While these activities are good for your child’s overall health, they also have a risk of injury. Follow these tips to lower your child’s chance of getting hurt while they play sports or enjoy other outdoor activities:

  • Check the environment to reduce or remove hazards.
  • Wear protective gear.
  • Develop skills.

Check the environment to reduce or remove hazards

To improve safety, check the places where your children play. Look for hazards. A hazard is something dangerous that may not be obvious to your child but that can cause serious injury. Examples of hazards include thin ice on a frozen lake, hard surfaces under play equipment, broken railings, or an uneven surface with holes on a soccer field.

A risk is different. A risk is a situation where your child can see the chance of an injury happening, think about the challenge, and decide what to do.

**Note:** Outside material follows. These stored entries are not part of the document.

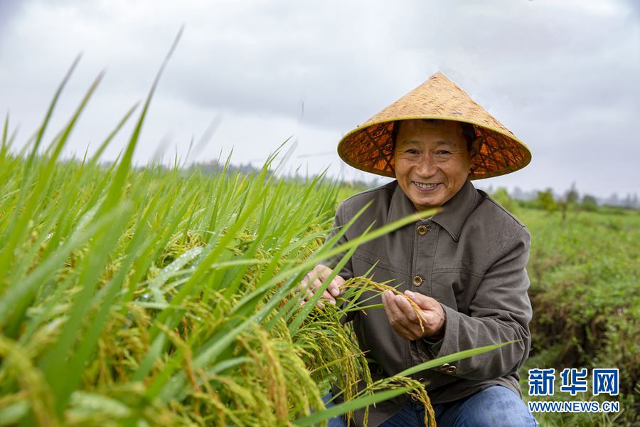 9月22日,湖南省岳阳市湘阴县鹤龙湖镇南洲村,李昌浩查看水稻长势。新华社发(曾丹 摄)
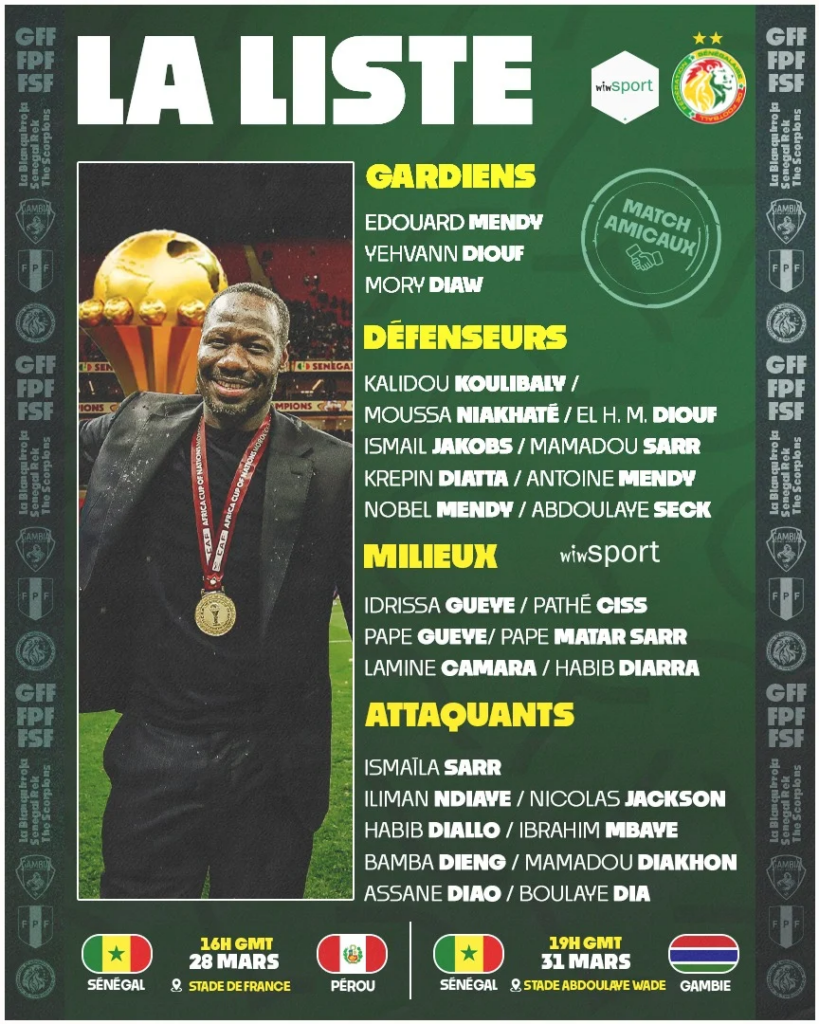 Pape Thiaw a convoqué ce jeudi 26 joueurs pour les matches amicaux de l’Équipe Nationale du Sénégal contre le Pérou (28 mars) et la Gambie (31 mars), qui auront lieu respectivement au Stade de France et au Stade Abdoulaye-Wade de Diamniadio. Pour la dernière liste avant le Mondial, Sadio Mané n’est pas présent, tout Cheikh Sabaly. En revanche, comme attendu, Bamba Dieng est bien là, Assane Diao aussi, comme Nobel Mendy.
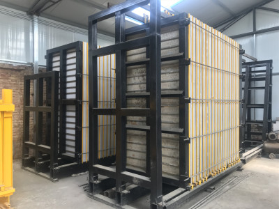 3、出板脫模車:配備一次性可以脫模出10塊復(fù)合隔墻板的脫模車;
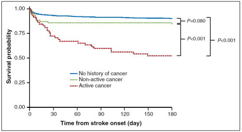 특히 활성 암의 존재는 치료 후 6개월 기준 사망과 관련해 3.973배 더 나쁜 인자로 작용했다. 그러나 암 환자의 뇌경색이 암이 아닌 다른 원인에 의해 발생한 경우 재관류 치료의 예후는 긍정적으로 나타났다.
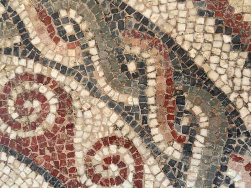 Le Péristyle majeur dévoile des mosaïques représentant motifs géométriques et scènes inspirées de la mythologie. Construit autour d’une cour intérieure agrémentée d’une fontaine, il reflète l’ingénierie romaine qui valorisait la circulation de la lumière. Ce lieu date également du début du IVe siècle et témoigne de la volonté d’impressionner les visiteurs.
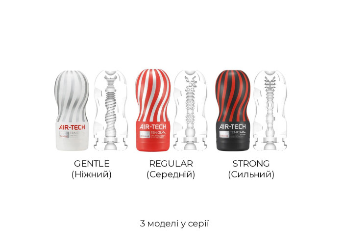 Tenga Air-Tech представлений у трьох варіантах, які забезпечують різний рівень стимуляції: GENTLE — м’які реберця ніжно лоскочуть і дражнять; REGULAR — численні вузли та більші горбки забезпечують класичну стимуляцію; STRONG — жорсткі гребені та ребра, вузький тунель для потужної, сильно відчутної стимуляції.
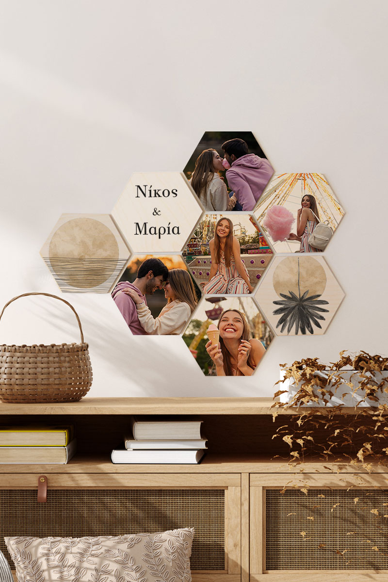 Φτιάξε online σε 1’ τα δικά σου Hex & δώσε ζωή στο χώρο σου! Κόλλησέ τα πανεύκολα στον τοίχο σου με την ειδική τους κόλλα (χωρίς καρφιά & τρύπες). Τα hex είναι εκτυπωμένα σε ξύλο για να ταιριάζουν σε κάθε χώρο!
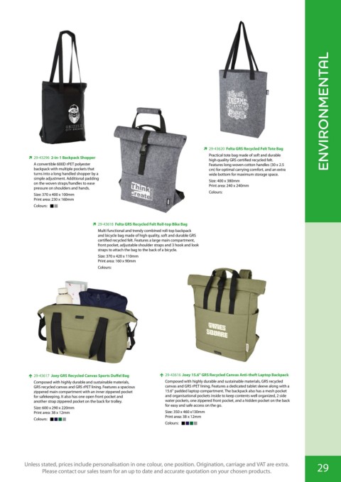Unless stated, prices include personalisation in one colour, one position. Origination, carriage and VAT are extra. 29
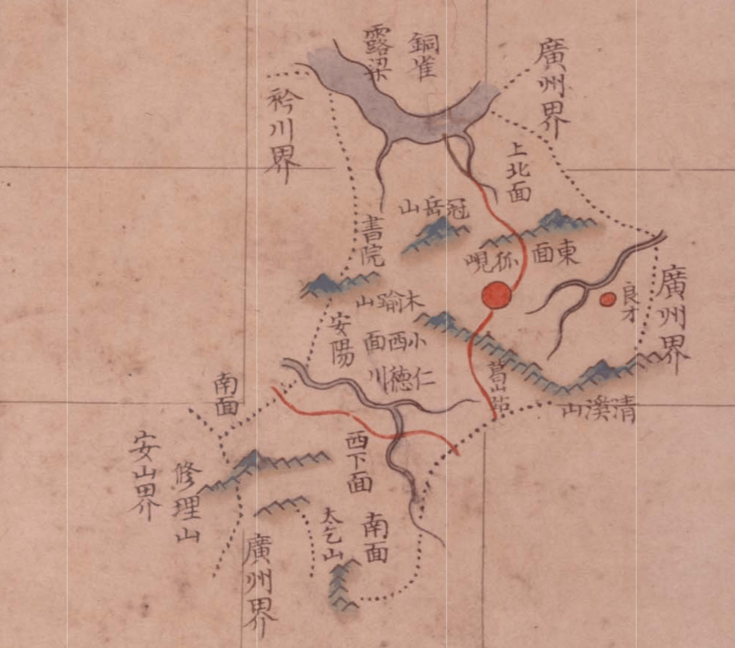 반면 지승의 과천현과 금천현 하천표기에서는 안양(安養)으로 한자 표기가 기를양으로 기록돼 있다.
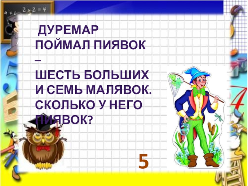 Слайд 12 Дуремар поймал пиявок –  Шесть больших и семь малявок. Сколько у него пиявок?
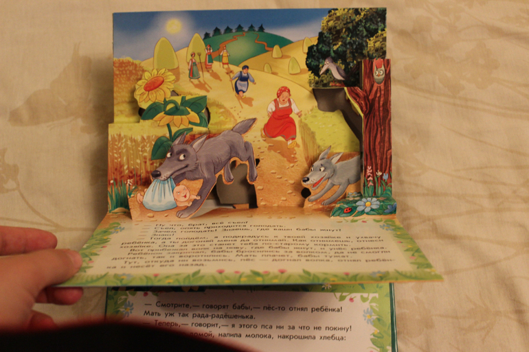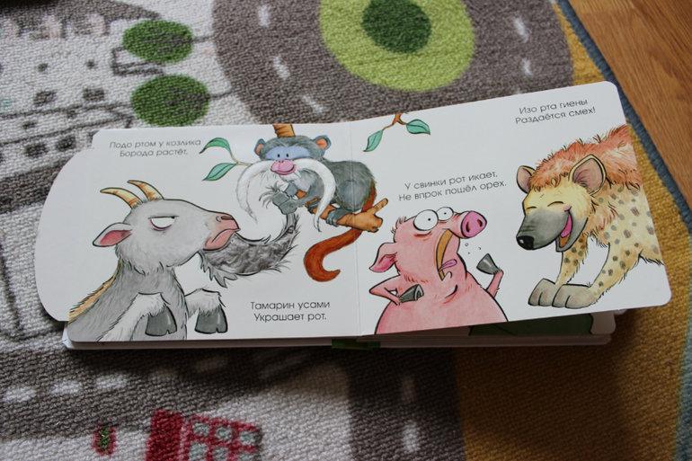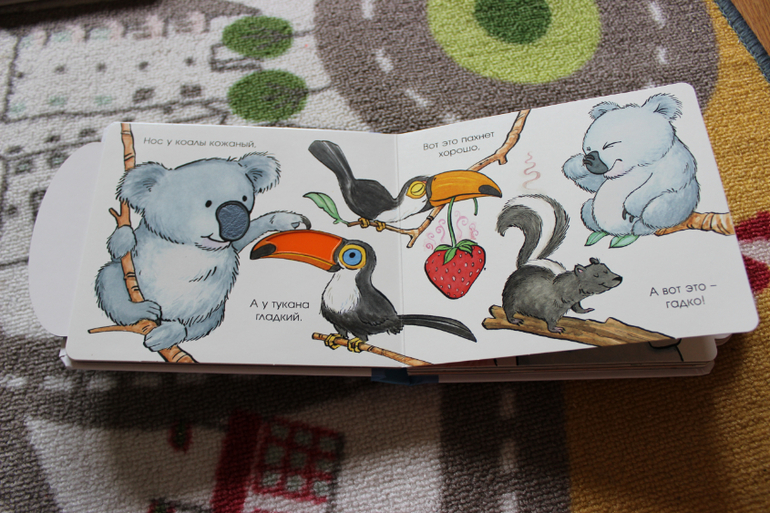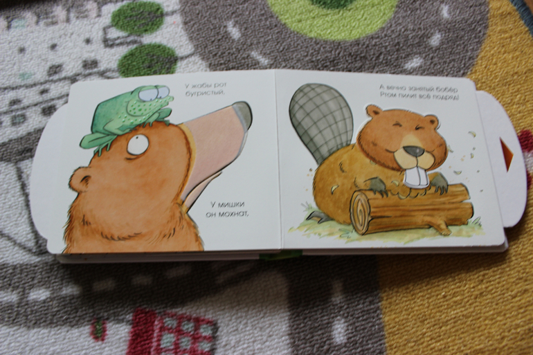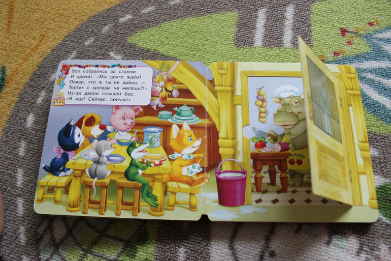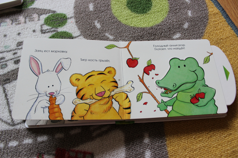 Книги небольшие, с толстыми страничками, и наверное больше "игрушечного" характера. На страницах есть тактильные элементы. С краю у каждой страницы есть стрелочка, которая приводит в движение одного из персонажей. В книге чисто символические, коротенькие стишки. Но все равно идея хорошая.
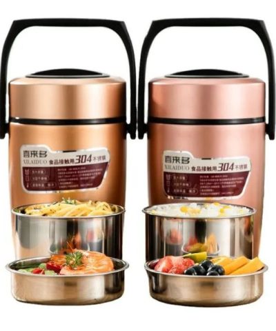 2 Layers Stackable Stainless Steel Hot Bento Lunch Box With Handle

Your challenge is to reduce or remove the hazards and provide appropriate supervision while letting your child have the chance to explore, stay active, and have fun.

Wear protective gear

Wearing protective gear like the right helmet, a mouth guard, wrist guards, elbow pads, and knee pads can lower your child’s risk of an injury. No matter what the activity, make sure your child uses the right gear and equipment. The gear should fit well. Make sure your child wears it properly every time. As an adult, wear protective gear to lower your chance of injury and to be a role model for your child. Learn about fitting helmets for different activities.

Develop skills

Practice and training help your child learn how to do an activity and get better at it. They also help lower the chance that your child will get hurt. If your child doesn’t know how to do an activity, start slowly to develop their skills. Key skills include balance, strength, and agility (being able to move quickly and easily). Think about having your child take lessons to learn how to skate, ski, bike, or play sports. Get lessons from someone who knows how to teach the skills, like a trained coach or professional.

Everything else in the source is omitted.